TM: Carl, I gave you two opportunities to be honest, and each time you lied to my face. I was going to fire you for 5 days for an unreported accident. Instead, I am going to have to terminate your employment permanently for dishonesty. If I can't trust you to be honest about a $15 lawn decoration, I sure as hell can't trust you with millions of dollars in freight.
Telling you guys.. things that we got away with just five years ago is a thing of the past. Cameras are everywhere and their cost along with server costs have dropped. Always assume someone is watching you. And when questioned, be honest.Last edited: Oct 20, 2020
Bob Dobalina, Cardfan89, Gearjammin' Penguin and 6 others Thank this.
jmz Road Train Member
- Mar 9, 2018
A driver was making a residential delivery, and he accidentally knocked down the customer's mailbox. He apologized to the customer and promised to make it right. After his shift, he went to Home Depot, bought a new mailbox and post, then went to the customer's house and installed it for her. He apologized again for the inconvenience and the customer was very pleased with his actions. She was so pleased that she called his terminal and told the TM how wonderful he was for taking the time to fix it. The next day that driver was fired for failing to report an accident.
Accidents happen, and it's usually not the end of the world.
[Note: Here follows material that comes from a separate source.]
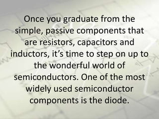 Diodes are semiconductor components that allow current to flow in only one direction. They have two terminals called the anode and cathode. Current can flow from the anode to the cathode but not in the reverse direction. When a forward bias is applied, the depletion region collapses and current can flow through the diode. When a reverse bias is applied, the depletion region expands and blocks current flow. Diodes are used in applications such as rectifiers, reverse current protection, logic gates, and voltage spike suppression.

But if you cause damage to anything and don't immediately report it to your supervisor, there's no coming back from that.Jay5GS, Cardfan89, Gearjammin' Penguin and 1 other person Thank this.
Sad thing is, we fired a 20+ year driver the following month for having his third preventable in nine months. Two of the collisions were fairly minor and he could have gotten away with it, but his honesty and integrity motivated him to report everything.
With my current company I report everything. They are much more lenient.Cardfan89, jmz and The Shadow Thank this.